What a great time to be alive and well and
planted by the Truckee! The flood of Artown and other events threatens to
sweep us away without so much as a place to park! The winds have wreaked
some havoc with our outdoor hospitality. Our damages and inconveniences
have been as nothing compared to those of our sisters and brothers near
Carson City. Please let us know how to support them.
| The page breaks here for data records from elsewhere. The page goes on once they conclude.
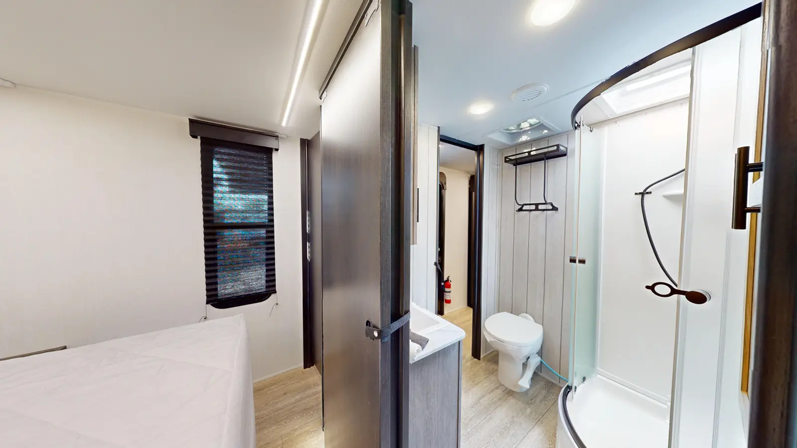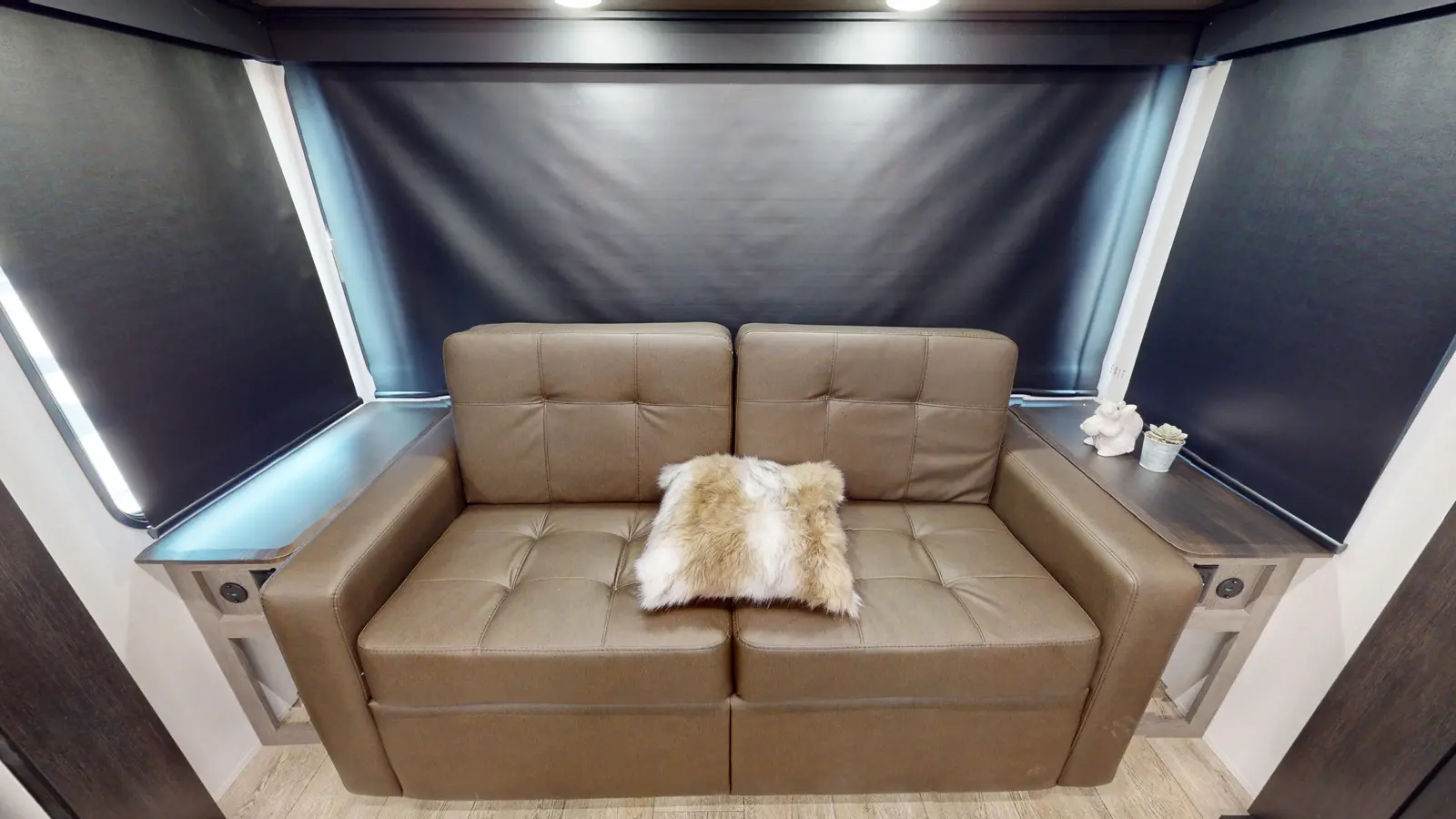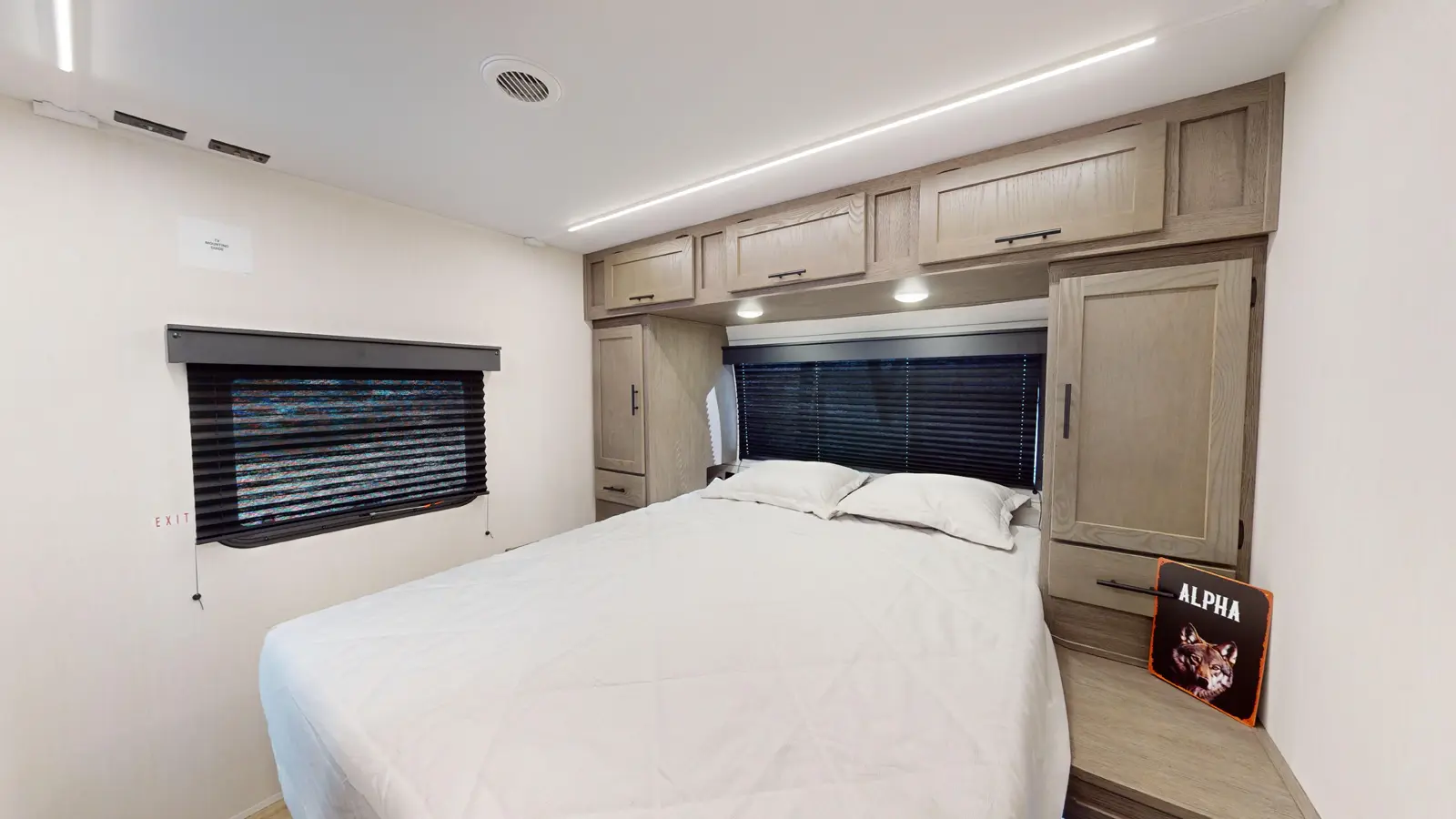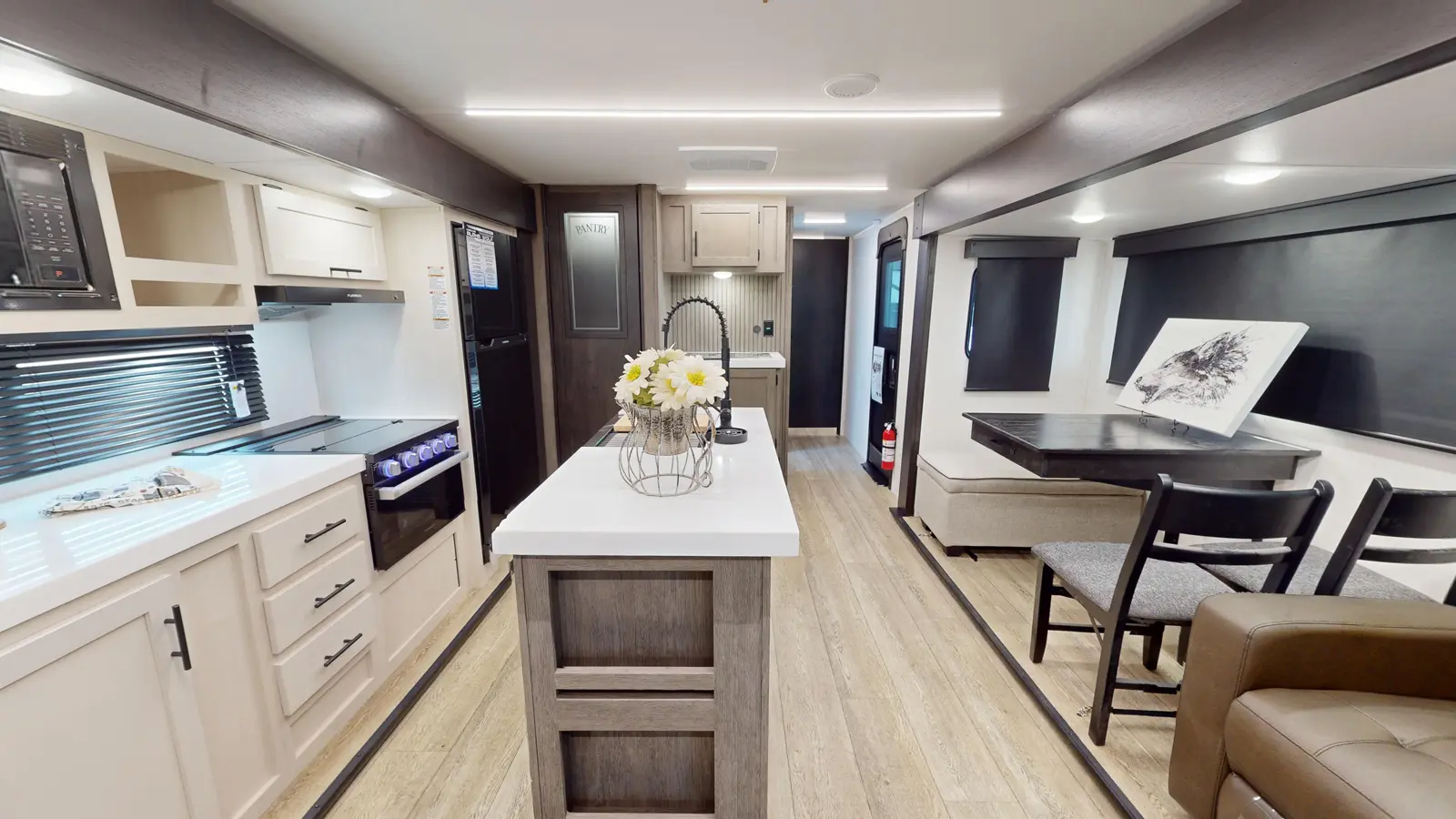 The Alpha Wolf 26RL by Forest River takes a popular 5th wheel design and brings it into a smaller form factor! Stretch out and relax with a queen size bed and ample wardrobe space in the bedroom. The spacious living area features oversized windows, perfect for enjoying the scenery. A beautiful island highlights the kitchen along with a 12-volt refrigerator, oven, microwave and built-in trash can. Easy to tow and perfect for your next adventure!
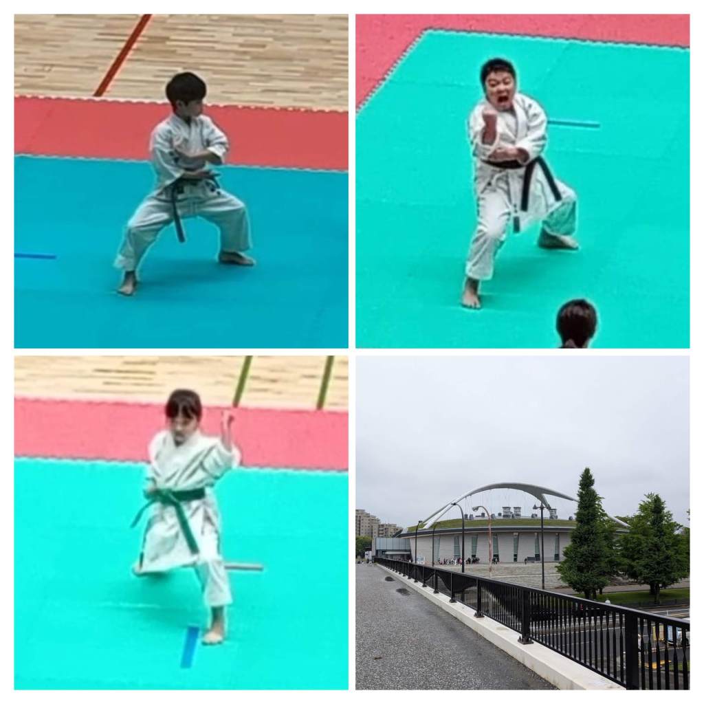 今回は、高田道場からは5名が参加しました。形と組手でそれぞれ3名ずつ(1名ダブルエントリ)が出場し、全員が持てる力を最大限に発揮できたのが、良かったです。初めて組手に参加した女の子は、負けはしましたが、自分より大きな相手に立ち向かって、しっかりとポイントも取ることができました。組手で、小学4年生の男の子が3位入賞の成績をおさめることができました。
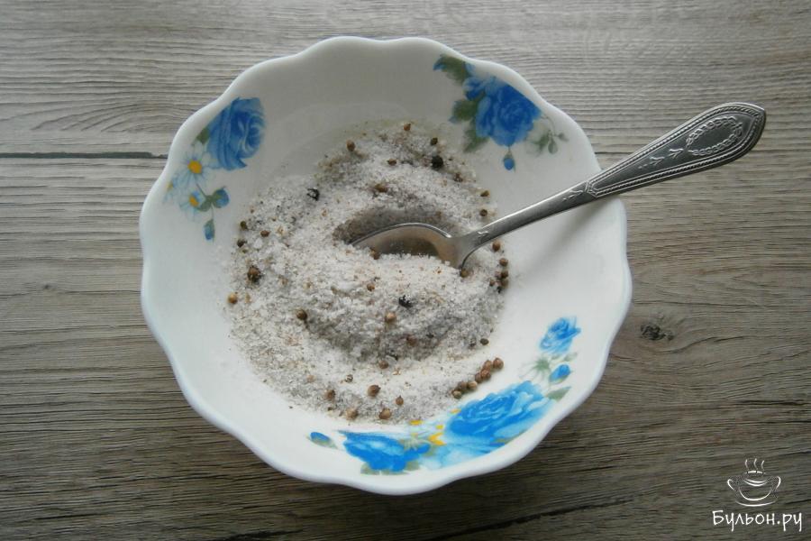 2. К крупной соли добавить черный перец горошком, зерна кориандра, сахар и кориандр молотый, а также, мускатный орех.
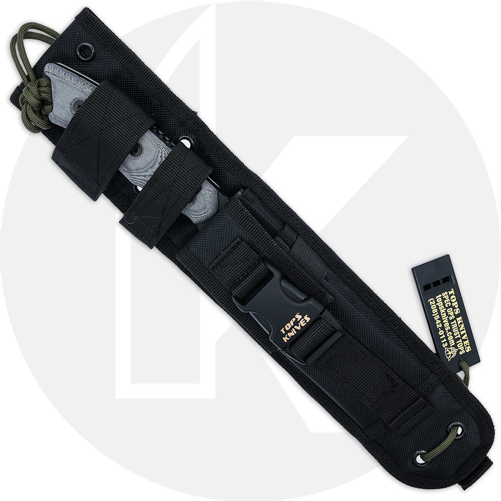 The AH906 TOPS Alaskan Harpoon Knife is a versatile outdoor essential that features a 6.75 inch harpoon style fixed blade made of 1095 steel, .250 inch thick, with a Rockwell hardness of 56-58. The blade has a 5.87 inch cutting edge, a swedged spine, non reflective Black Traction Coat, and long notched thumb rest for secure grip. The Alaskan Harpoon Knife has full tang construction for strength; ergonomic black linen Micarta scales, a pronounced choil and a notched area on the spine for secure purchase, and a lanyard hole. A black ballistic nylon sheath with MOLLE back is included. The TOPS Knives Alaskan Harpoon has an overall length of 12 inches, and it weighs 15.2 ounces; 20 ounces with the sheath. Made in the USA.
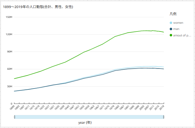 同じように、1899~2019年の人口動態をグラフ化します。
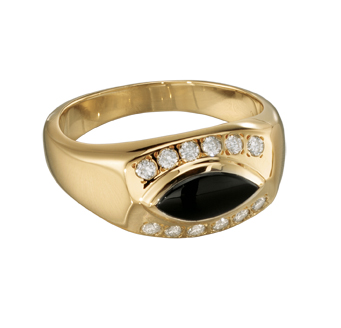 A marquise cut black onyx stone, framed by diamonds, and set in a sleek gold ring is the perfect way to award your employee
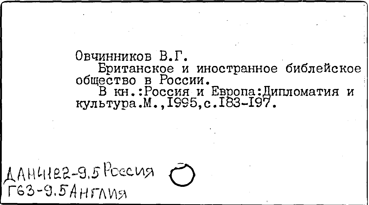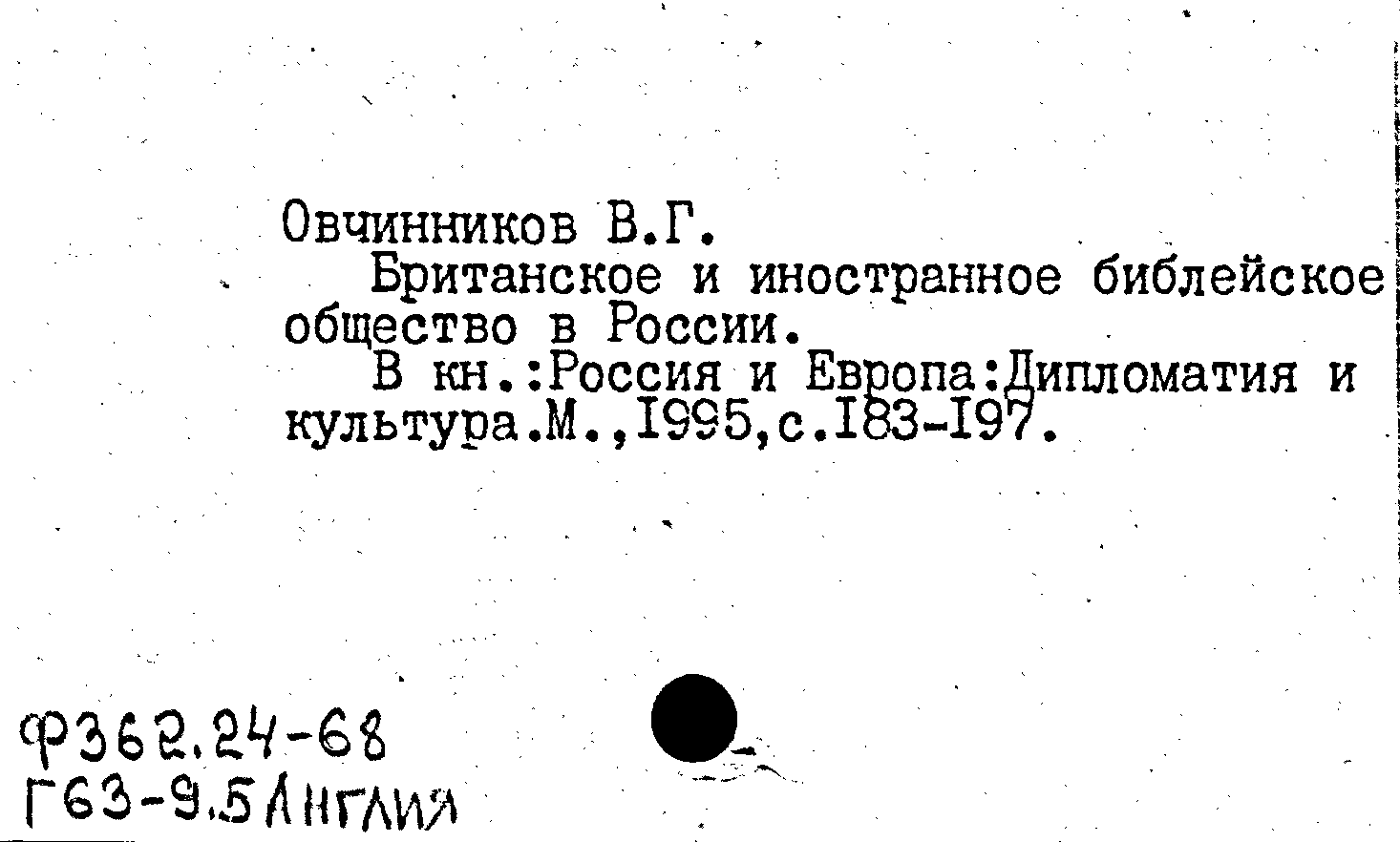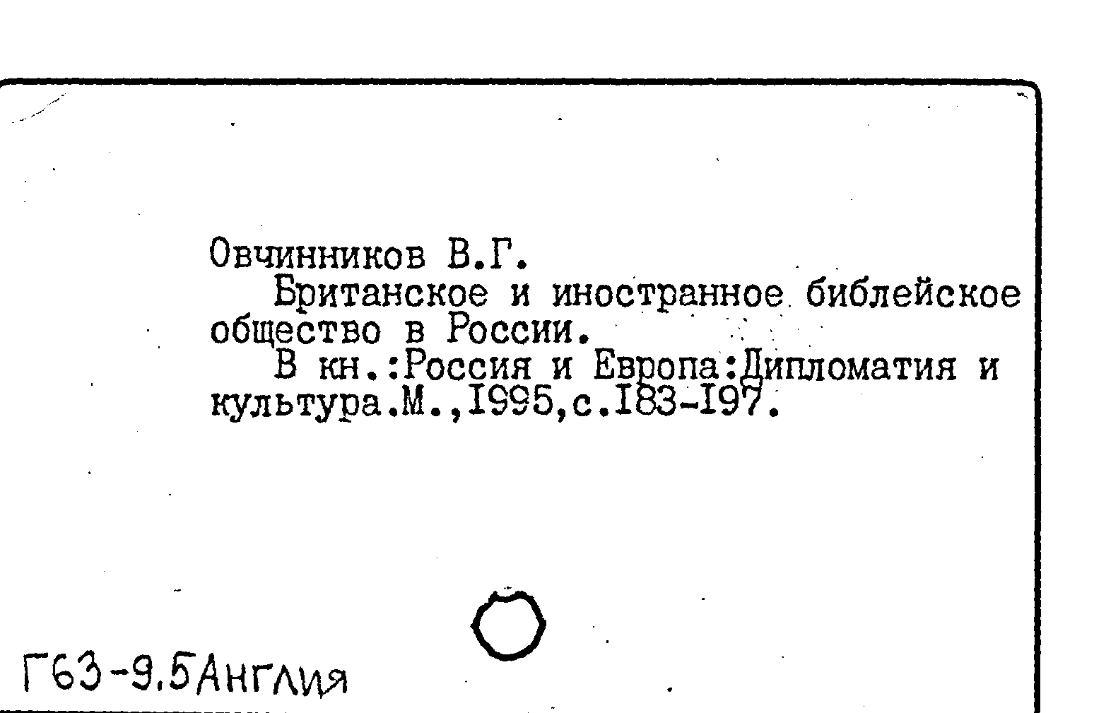 Книга (аналит. описание): Британское и иностранное библейское общество в России

Thanks to all who are
helping us serve, like so many Marthas, at the concerts and plays, all who
are spreading the word to others, all who are coming out and enjoying
ourselves as a venue, for arts, for culture, for meditation. Thanks to
those making the stage in the Fellowship Hall more usable. We would love to
be set up as well for exhibiting art work around the parlor and hall!
Also be sure to see the Ageless Repertory
performances with Len Overholser. This week there is Great Basin
Chautauqua, too -- especially the populist poetics and prophetics of Woody
Guthrie, Zora Neale Hurston, and Carl Sandburg, author of this year’s theme,
“The People, Yes!” “The people yes / The people live on. / The learning and
blundering people will live on.” As if speaking for Mary and Martha
together, Sandburg continues, “The people hold to the humdrum bidding of
work and food / while reaching out when it comes their way / for lights
beyond the prison of the five senses, / for keepsakes lasting beyond any
hunger or death. / This reaching is alive.” This reaching is alive!
Reaching beyond what is for what may yet be!
Nevada Shakespeare Company gives us ongoing
“Chautauqua” with “A Single Woman,” the life and times of first U.S.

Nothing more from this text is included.